> [Exercise inputs]:

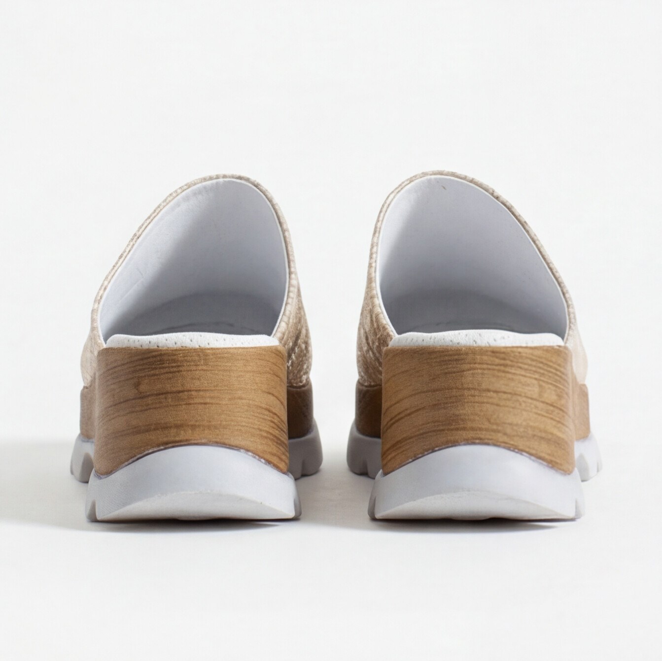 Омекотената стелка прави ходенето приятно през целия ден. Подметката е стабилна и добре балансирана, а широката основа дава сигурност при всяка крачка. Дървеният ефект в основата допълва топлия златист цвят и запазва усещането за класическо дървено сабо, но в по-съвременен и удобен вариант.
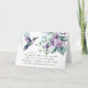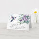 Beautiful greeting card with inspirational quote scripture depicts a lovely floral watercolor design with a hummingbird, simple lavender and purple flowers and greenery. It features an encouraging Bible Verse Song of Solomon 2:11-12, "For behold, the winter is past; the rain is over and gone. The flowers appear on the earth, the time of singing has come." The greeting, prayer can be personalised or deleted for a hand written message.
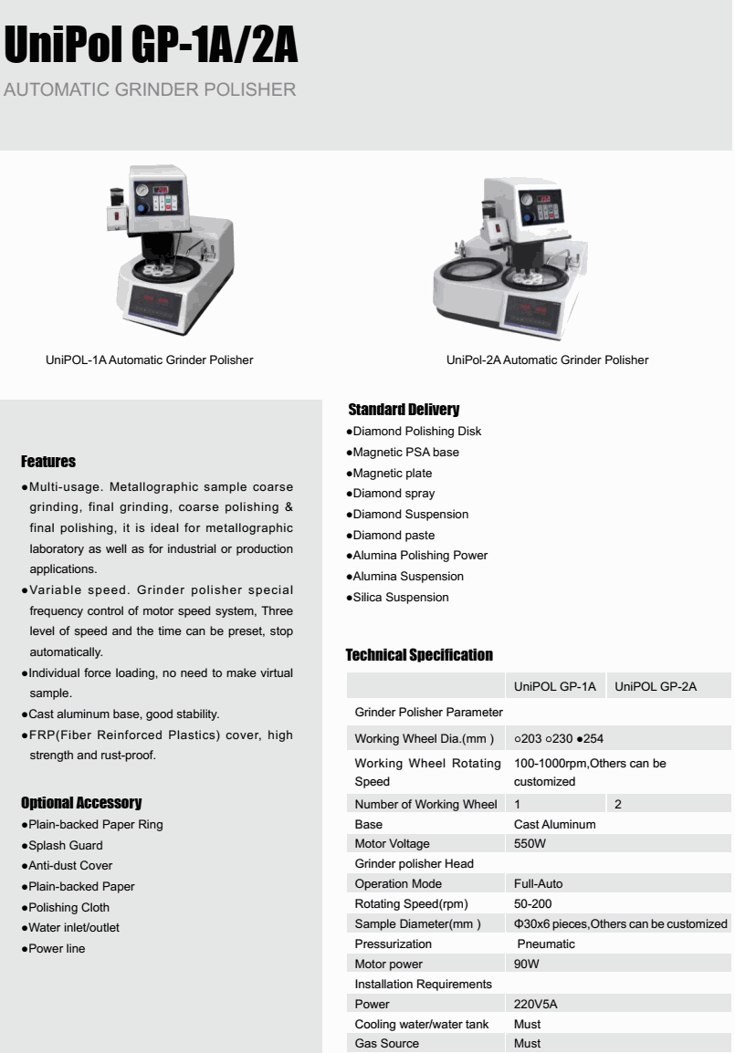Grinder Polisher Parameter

...

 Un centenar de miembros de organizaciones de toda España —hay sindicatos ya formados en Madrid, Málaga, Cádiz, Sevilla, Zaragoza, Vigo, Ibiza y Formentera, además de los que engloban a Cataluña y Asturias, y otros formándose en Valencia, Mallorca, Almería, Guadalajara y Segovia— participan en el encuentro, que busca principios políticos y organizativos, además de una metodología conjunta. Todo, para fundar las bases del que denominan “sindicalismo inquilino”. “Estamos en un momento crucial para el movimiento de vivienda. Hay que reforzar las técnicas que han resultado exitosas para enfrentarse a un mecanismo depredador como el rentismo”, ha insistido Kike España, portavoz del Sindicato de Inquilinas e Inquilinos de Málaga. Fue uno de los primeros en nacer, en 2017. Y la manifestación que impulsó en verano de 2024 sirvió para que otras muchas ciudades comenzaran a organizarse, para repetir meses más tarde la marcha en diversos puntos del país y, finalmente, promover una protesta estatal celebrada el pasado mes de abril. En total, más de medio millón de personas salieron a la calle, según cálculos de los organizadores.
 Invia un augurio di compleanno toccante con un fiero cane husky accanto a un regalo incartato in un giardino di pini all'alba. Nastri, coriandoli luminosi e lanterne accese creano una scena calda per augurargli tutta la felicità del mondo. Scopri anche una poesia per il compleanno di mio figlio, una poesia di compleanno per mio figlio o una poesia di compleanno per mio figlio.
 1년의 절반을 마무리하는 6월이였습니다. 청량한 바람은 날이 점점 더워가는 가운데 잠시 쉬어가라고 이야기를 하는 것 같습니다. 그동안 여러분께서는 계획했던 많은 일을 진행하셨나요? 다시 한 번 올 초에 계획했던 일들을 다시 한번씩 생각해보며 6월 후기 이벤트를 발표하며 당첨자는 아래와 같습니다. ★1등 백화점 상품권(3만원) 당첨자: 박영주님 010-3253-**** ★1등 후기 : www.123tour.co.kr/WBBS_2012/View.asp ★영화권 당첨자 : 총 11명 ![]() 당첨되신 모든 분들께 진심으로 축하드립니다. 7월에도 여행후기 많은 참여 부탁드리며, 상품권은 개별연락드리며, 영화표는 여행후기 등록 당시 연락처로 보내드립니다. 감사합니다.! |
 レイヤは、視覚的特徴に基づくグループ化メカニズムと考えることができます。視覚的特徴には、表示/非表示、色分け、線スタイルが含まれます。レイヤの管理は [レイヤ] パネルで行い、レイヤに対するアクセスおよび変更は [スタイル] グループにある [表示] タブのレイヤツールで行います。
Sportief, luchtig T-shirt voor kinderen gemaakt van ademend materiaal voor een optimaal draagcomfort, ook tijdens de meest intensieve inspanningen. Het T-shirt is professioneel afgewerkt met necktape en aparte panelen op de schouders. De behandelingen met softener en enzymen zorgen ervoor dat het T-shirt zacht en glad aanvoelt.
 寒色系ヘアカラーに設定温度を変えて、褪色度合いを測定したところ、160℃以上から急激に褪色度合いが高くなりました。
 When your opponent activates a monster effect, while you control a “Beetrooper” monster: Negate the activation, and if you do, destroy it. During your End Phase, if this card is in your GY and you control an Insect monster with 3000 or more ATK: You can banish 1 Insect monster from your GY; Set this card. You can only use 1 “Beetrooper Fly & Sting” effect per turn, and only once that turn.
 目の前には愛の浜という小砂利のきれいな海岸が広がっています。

* * *

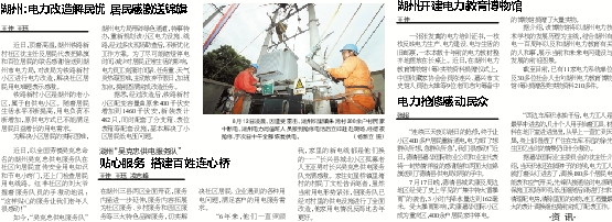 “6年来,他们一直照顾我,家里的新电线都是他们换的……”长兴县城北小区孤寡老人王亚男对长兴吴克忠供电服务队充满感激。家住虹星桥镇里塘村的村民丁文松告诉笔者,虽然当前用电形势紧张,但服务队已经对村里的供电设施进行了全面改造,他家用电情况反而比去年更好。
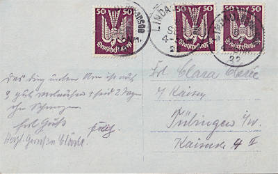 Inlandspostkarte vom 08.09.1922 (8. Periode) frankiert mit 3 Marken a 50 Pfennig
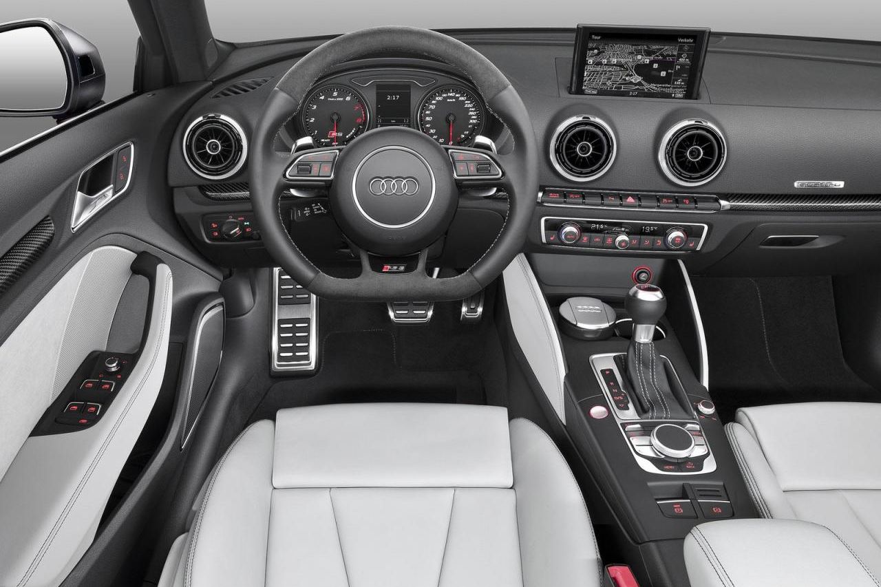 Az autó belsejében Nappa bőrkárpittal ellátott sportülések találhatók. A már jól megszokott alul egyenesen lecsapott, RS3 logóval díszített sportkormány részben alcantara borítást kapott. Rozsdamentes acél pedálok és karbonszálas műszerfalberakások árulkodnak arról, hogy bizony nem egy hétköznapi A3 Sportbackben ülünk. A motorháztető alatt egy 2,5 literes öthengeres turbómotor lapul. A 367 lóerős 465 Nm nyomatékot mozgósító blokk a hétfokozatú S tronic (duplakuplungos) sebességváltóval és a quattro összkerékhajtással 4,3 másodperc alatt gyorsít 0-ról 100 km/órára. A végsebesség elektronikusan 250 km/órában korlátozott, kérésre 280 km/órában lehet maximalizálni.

> [Work to complete]:
Using the entries above, transcribe every line from the line containing "Beautiful greeting card" through the line containing "Grinder Polisher Parameter". Do not copy pictures.

> [Exercise result]:
 Beautiful greeting card with inspirational quote scripture depicts a lovely floral watercolor design with a hummingbird, simple lavender and purple flowers and greenery. It features an encouraging Bible Verse Song of Solomon 2:11-12, "For behold, the winter is past; the rain is over and gone. The flowers appear on the earth, the time of singing has come." The greeting, prayer can be personalised or deleted for a hand written message.
Grinder Polisher Parameter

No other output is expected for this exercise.